Long-term thinking

Drawing of people in nature collectively imagining multiple alternative futures towards a guiding star

If we expand our understanding of cultural democracy to include future generations and the rest of the natural world then we unlock the potential for cultural acts that are conducive to all life, to long-term thinking, and a flourishing future for people and planet.


A 100 year timeframe helps us expand our horizons to consider the rest of nature, as well as future generations, to disrupt the usual concentrations of organisational power as well as encouraging futures consciousness in our cultural practice. It also expands who has responsibility for the cultural landscape to a much wider web of people.

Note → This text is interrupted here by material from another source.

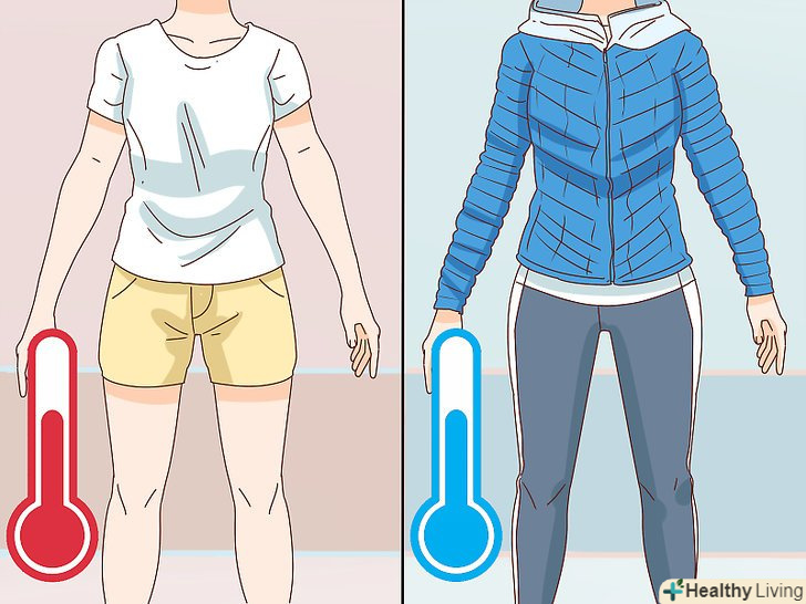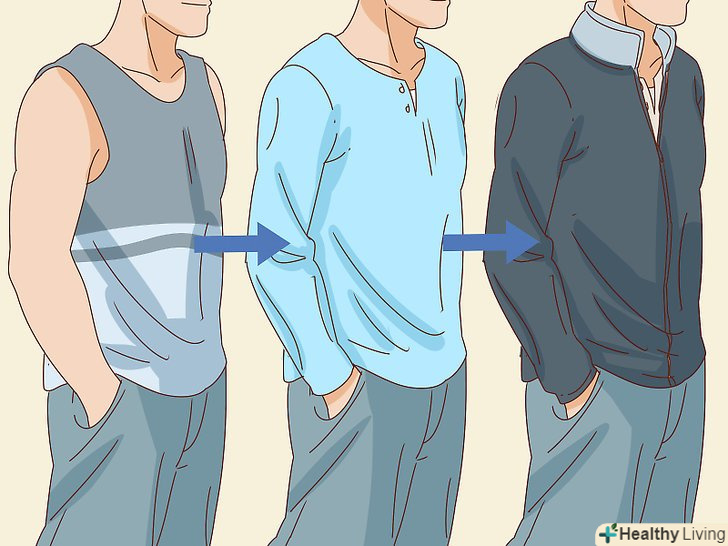 ОдягайтеКілька шарів одягу , які можна знімати вдень і надягати ввечері. наприклад, в прохолодну погоду надіньте майку, на неї — сорочку з довгими рукавами, а зверху — спортивний светр. Ви зможете знімати і надягати шари за потребою. Під штани добре надіти Кальсони, які забезпечать додатковий шар тепла. [18]- Одяг з вбирає вологу тканини найбільш зручна, так як вона дозволить вашій шкірі залишатися прохолодною і сухою, навіть якщо ви спітнієте.

We have learnt during the first year of animation of this 100 year cultural strategy in action that the practice of long term thinking is really hard in a world that is culturally bound to short-termism. We have discovered that nurturing a cultural legacy mindset feels more and less comfortable or important to different people in different roles and contexts within the cultural ecosystem. This can relate to the precarity of a creative life as much as the typically short timescales that shape the systems we work within.  However, we have seen a number of creatives and ecosystem stewards lean into long-term thinking in their creative practice and develop projects that lift up longer timeframes and circles of accountability in relation to: land connections, cultural heritage, intergenerational justice, nature (intra)connection, or climate and social crisis.

Long-term thinking in practice

Since autumn 2020 CoLab Dudley has used the concept of ‘Time Rebels’ as a convening call for a collective of creatives and people who have other roles in our local cultural ecology.

The Time Rebels of Dudley co-create experiments rooted in nurturing collective imagination capacity and creative animation of ‘What If’ questions that help invite local people to think about the future in many different and unusual ways.

Long-term thinking in action…

Stories of Place is a monthly and seasonal gathering of curious people to explore the stories that have been found and created on Dudley High Street and to collectively prototype experiments inspired by these stories.

This ritual with place invites us to be in relation with land and nature and uses nature-inspired observation, sensing and connection activities to grow an archive of place-based stories that inform community-led climate action.

Stories of Place draws on collage, photos, stories, poetry, sounds, maps, research from the past, present and future (as imaginaries) of Dudley High Street, and invites us to reflect on these in relation to past and future generations. It helps us prototype experiments now to bring us closer to imagined futures.

Afro Histories Dudley exhibition of photos and stories from Dudley's Black community with a banana plant
A sign on a model of Dudley High Street reading 'Got a story to share? (real or imagined) - add a scroll of the past to the High Street model, capture the present in a polaroid (write, draw...), make a mini zine of future dreams'

Navigation Tools: Patterns and Principles

An ecological understanding of culture draws lessons from healthy living systems patterns. These patterns can encourage our cultural actions to be regenerative. Use the Patterns Canvas in the Dudley Creates Navigation Guide to try designing from patterns to details, zooming out before you create detailed plans.

Doughnut Economics explores the mindsets and ways of thinking needed for humanity to thrive in the 21st century, meeting the needs of all people within the means of the living planet. The Principles Canvas in the Dudley Creates Navigation Guide invites you to think through your everyday actions and your plans using Doughnut Economics Principles of Practice.